Similarly, Georgia's total spending on Medicaid has grown by about $4 billion during that time. The projections for expansion were about $4.5 billion per year during the first decade.

In other words, while Georgia did not expand eligibility, the results have been about the same, in terms of new spending and enrollment.

Now for that aforementioned oddity. Proponents of expansion claimed a bump in Medicaid spending would boost the economy: creating tens of thousands of jobs, increasing sales taxes by millions of dollars and – perhaps most often invoked – saving rural hospitals. Yet, the bump Georgia did experience appears not to have had those effects.

Yes, healthcare employment increased during the past decade. But it grew at a slightly slower clip (28%) than during the previous 10 years (30%).

Meanwhile, state sales tax revenues have not even kept up with inflation. If there was a hidden boost from all this Medicaid spending, it is well-hidden indeed.

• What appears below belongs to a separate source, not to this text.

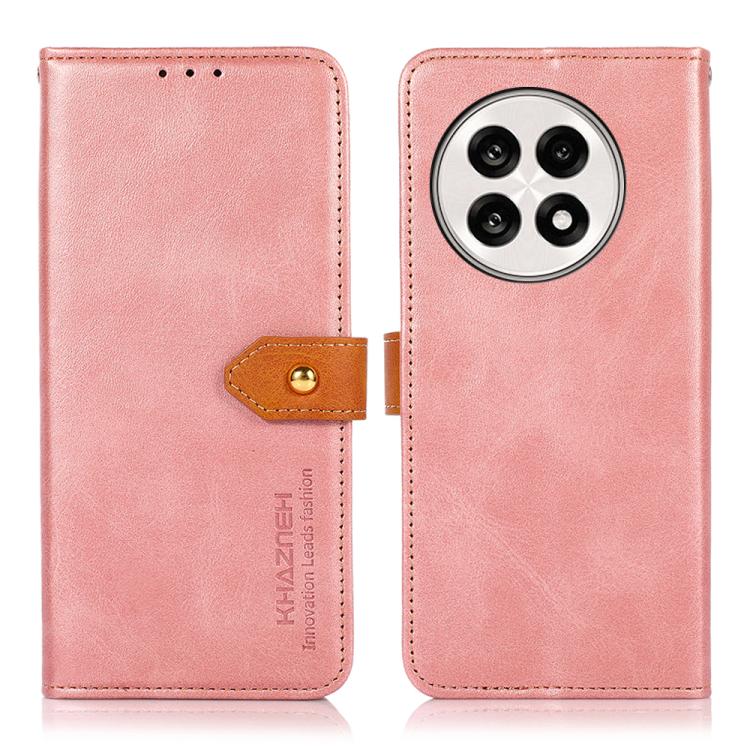Funda de Cuero con Tapa y Textura Piel de Vaca para OnePlus 13R Global Khazneh (Oro Rosa)

Finally, the rural hospital closures have slowed but not ceased; two more closed their doors in 2020. Two of the main drivers in this sad trend, Georgia's declining rural population and the low percentage of rural patients with insurance that pays the full cost of the care they receive, aren't helped by a surge in Medicaid coverage. Because Medicaid pays less than the full cost of care, it most likely would mean the hospitals simply saw more patients on whom they lost money.

At best, this would only slow the bleeding, not stop it. That's why the notion that more Medicaid would lead to more doctors and financially healthier hospitals – without a significant increase in reimbursement rates, which are never factored into the expansion's costs – has always been fanciful.

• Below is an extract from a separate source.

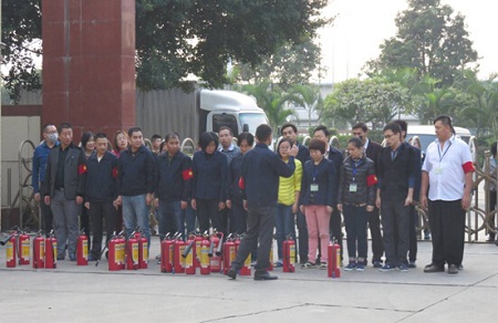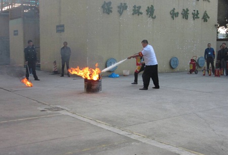 现场消防安全管理人员进行干粉灭火器实操灭火演练

But there is one prediction about expansion that has come true: Medicaid has swallowed the state budget.

I've heard complaints lately about a decline in state spending per capita since before the Great Recession. Comparing the peak before one recession to what we hope is the low point after another one is rather unorthodox, but let's go with it for the sake of argument.

This supposed decline is true only in a narrow sense: Including only state funds, and adjusting for inflation, Georgia plans to spend about $67 less per person in the next budget than in 2008. Including federal funds, however, spending will be higher.

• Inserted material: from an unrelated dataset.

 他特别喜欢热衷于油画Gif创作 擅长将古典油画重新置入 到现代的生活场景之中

Yet, even as real state spending per capita has fallen slightly, it has risen by $76 per resident for Medicaid. Expansion would have piled more spending on top of that. Even without expansion, Medicaid has crowded out new spending for most other state programs.

The answer is not to sink another $4.5 billion per year, and hundreds of thousands more enrollees, onto this broken program. It's to seek better ways to improve healthcare access for all Georgians, in a way Georgia can actually afford.

Kyle Wingfield is president and CEO of the Georgia Public Policy Foundation, found online at www.georgiapolicy.org.